▶ [How to complete this task]
No pictures go in the copy; retype exactly the lines from the one with "В наборе 4 двусторонних" through the last line of the records.

[Data Boundary: Start]

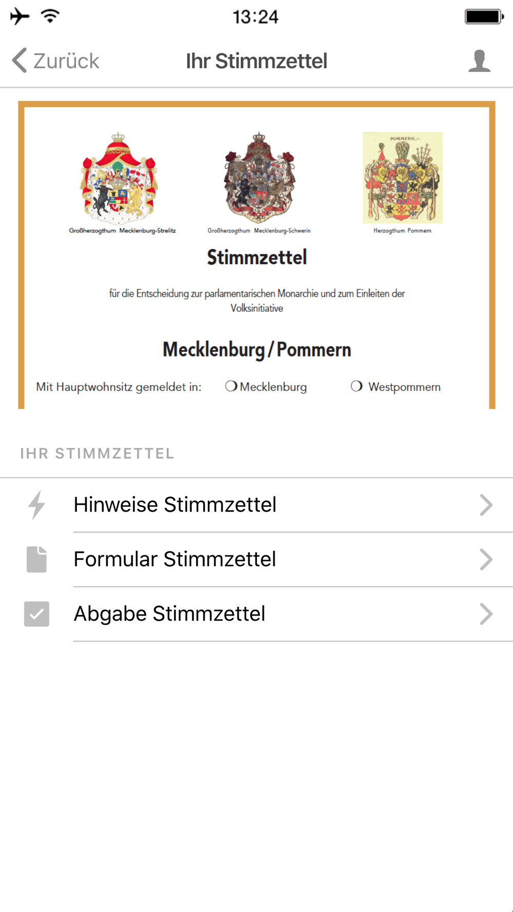 Vielen Dank für das Interesse an unserer APP. Wir informieren Sie über den Wandel in Mecklenburg und Westpommern. Die App unterstützt Sie auch bei Ihrer Suche nach Ansprechpartnern in Ihrer Region, Stammtischen und der Weitergabe von Stimmzetteln. Außerdem finden Sie alle Kontaktdaten zum Team des Großherzogs Friedrich Maik®
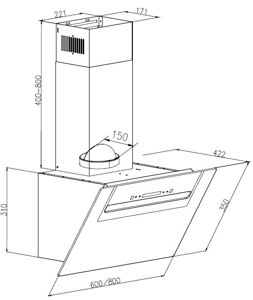 Seinään asennettava liesikupu, Viistomallinen, Sisäisellä moottorilla - Musta lasi/peililista - 600 mm - A++
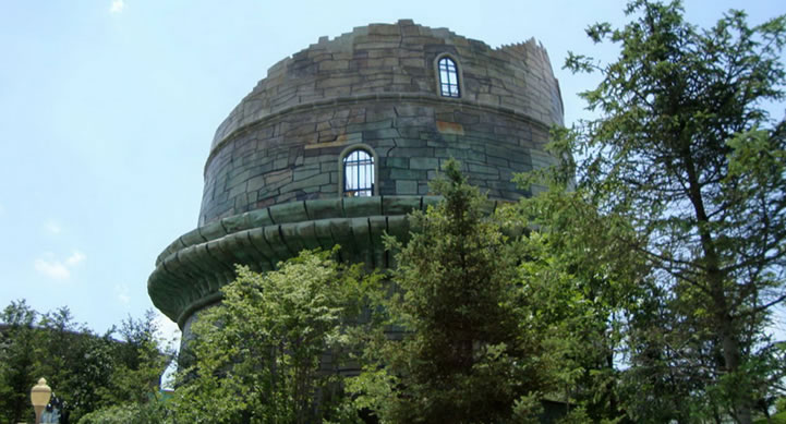 斗轉(zhuǎn)星移,位于長影世紀(jì)城西側(cè),建筑外形為“倒種”的房子,是電影特技中光影展示,利用光影特效手段,揭示光影世界中的飛行奧秘。
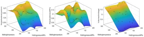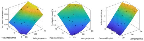 Figure 9 presents response surface plots depicting how melt temperature and holding time affect nodal displacement, residual stress, and volumetric shrinkage. Analysis shows a lowering melt temperature and holding time reduces nodal displacement and residual stress. Volumetric shrinkage declines with decreasing melt temperature, while holding time has a weaker impact on it.
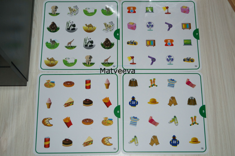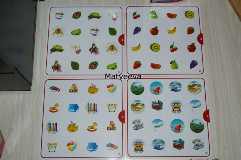 В наборе 4 двусторонних карточки на самые разнообразные темы: фрукты, транспорт, насекомые, игрушки, животные, продукты, одежда, вещи
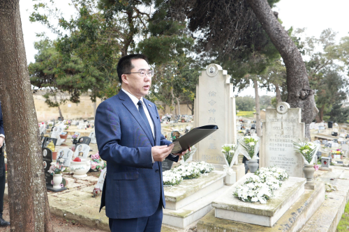 2026年4月2日,驻马耳他大使张佐带领使馆全体馆员及在马中资机构代表来到马耳他阿多洛拉塔公墓,举行一年一度的祭扫烈士墓仪式,悼念上世纪70年代在参与中国援马干船坞工程建设中献身的徐会仲烈士和谷岩昭同志。
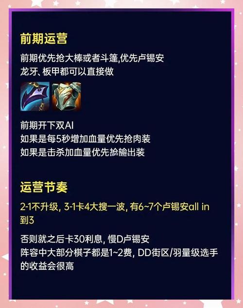 〖Three〗、金铲铲之战S5版本策略是眼泪开,掌握关键阵容和海克斯是上分的关键。白魔塞纳阵容:这是一个以塞纳为核心的阵容,推荐连胜开局,装备上羊刀、无尽和巨杀/轻语是最佳选取。阵容组成为4白魔+3名流+3约+2黑魔,关键点是确保塞纳等核心英雄的上场,同时海克斯强化中的3费之力能显著提高胜率。
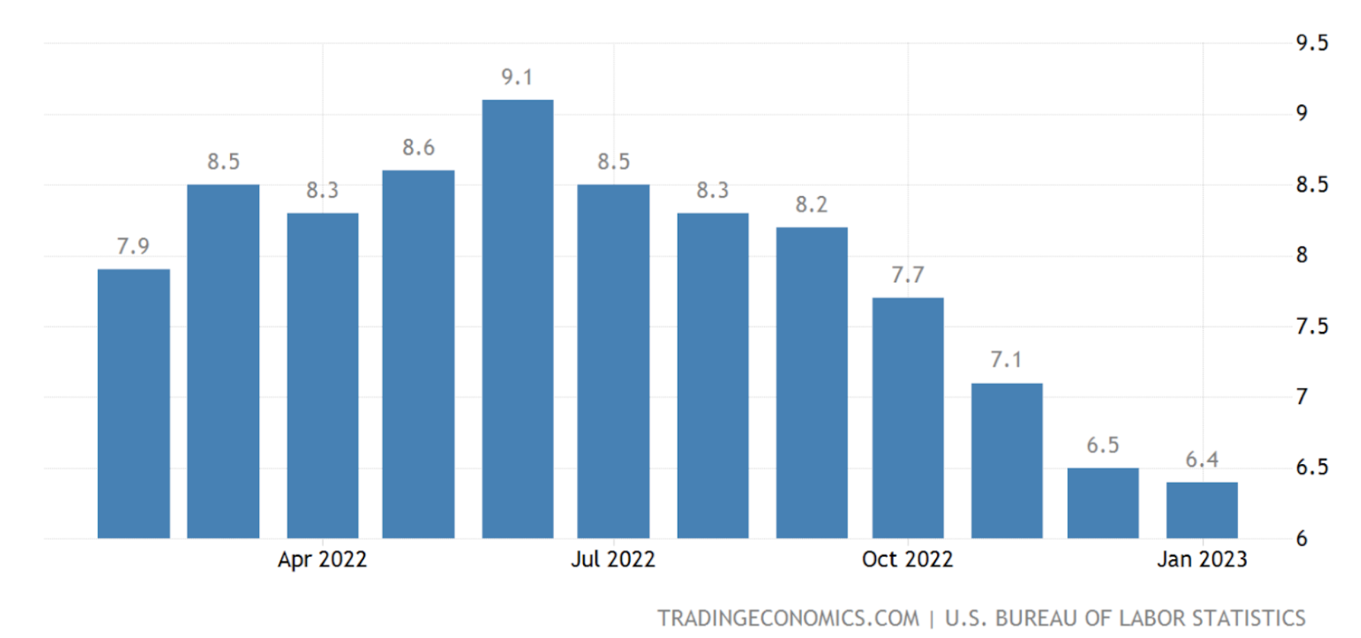 ปัจจุบันตัวเลขเงินเฟ้อสหรัฐอเมริกาอยู่ที่ 6.40% ลดลงติดต่อกันเป็นเดือนที่ 7 จากจุดสูงสุดที่ 9.06% แต่ยังคงลดลงช้ากว่าที่คาดหวังจากเป้าหมายเงินเฟ้อที่ 2% ซึ่งเป็นตามที่ทีม Avareum Research คาดการณ์ตั้งแต่ช่วงปลายปี 2022 ว่าการลดของเงินเฟ้อน่าจะเป็นแบบค่อยเป็นค่อยไป ซึ่งแม้จะเป็นผลดี แต่ก็ยังจะทำให้แนวโน้มการขึ้นดอกเบี้ยของ FED จะยังคงเดินหน้าต่อไป แม้จะลดแนวโน้มความแข็งกร้าวลงก็ตาม

[Data Boundary: End]

▶ [Solved exercise]
 В наборе 4 двусторонних карточки на самые разнообразные темы: фрукты, транспорт, насекомые, игрушки, животные, продукты, одежда, вещи
 2026年4月2日,驻马耳他大使张佐带领使馆全体馆员及在马中资机构代表来到马耳他阿多洛拉塔公墓,举行一年一度的祭扫烈士墓仪式,悼念上世纪70年代在参与中国援马干船坞工程建设中献身的徐会仲烈士和谷岩昭同志。
 〖Three〗、金铲铲之战S5版本策略是眼泪开,掌握关键阵容和海克斯是上分的关键。白魔塞纳阵容:这是一个以塞纳为核心的阵容,推荐连胜开局,装备上羊刀、无尽和巨杀/轻语是最佳选取。阵容组成为4白魔+3名流+3约+2黑魔,关键点是确保塞纳等核心英雄的上场,同时海克斯强化中的3费之力能显著提高胜率。
 ปัจจุบันตัวเลขเงินเฟ้อสหรัฐอเมริกาอยู่ที่ 6.40% ลดลงติดต่อกันเป็นเดือนที่ 7 จากจุดสูงสุดที่ 9.06% แต่ยังคงลดลงช้ากว่าที่คาดหวังจากเป้าหมายเงินเฟ้อที่ 2% ซึ่งเป็นตามที่ทีม Avareum Research คาดการณ์ตั้งแต่ช่วงปลายปี 2022 ว่าการลดของเงินเฟ้อน่าจะเป็นแบบค่อยเป็นค่อยไป ซึ่งแม้จะเป็นผลดี แต่ก็ยังจะทำให้แนวโน้มการขึ้นดอกเบี้ยของ FED จะยังคงเดินหน้าต่อไป แม้จะลดแนวโน้มความแข็งกร้าวลงก็ตาม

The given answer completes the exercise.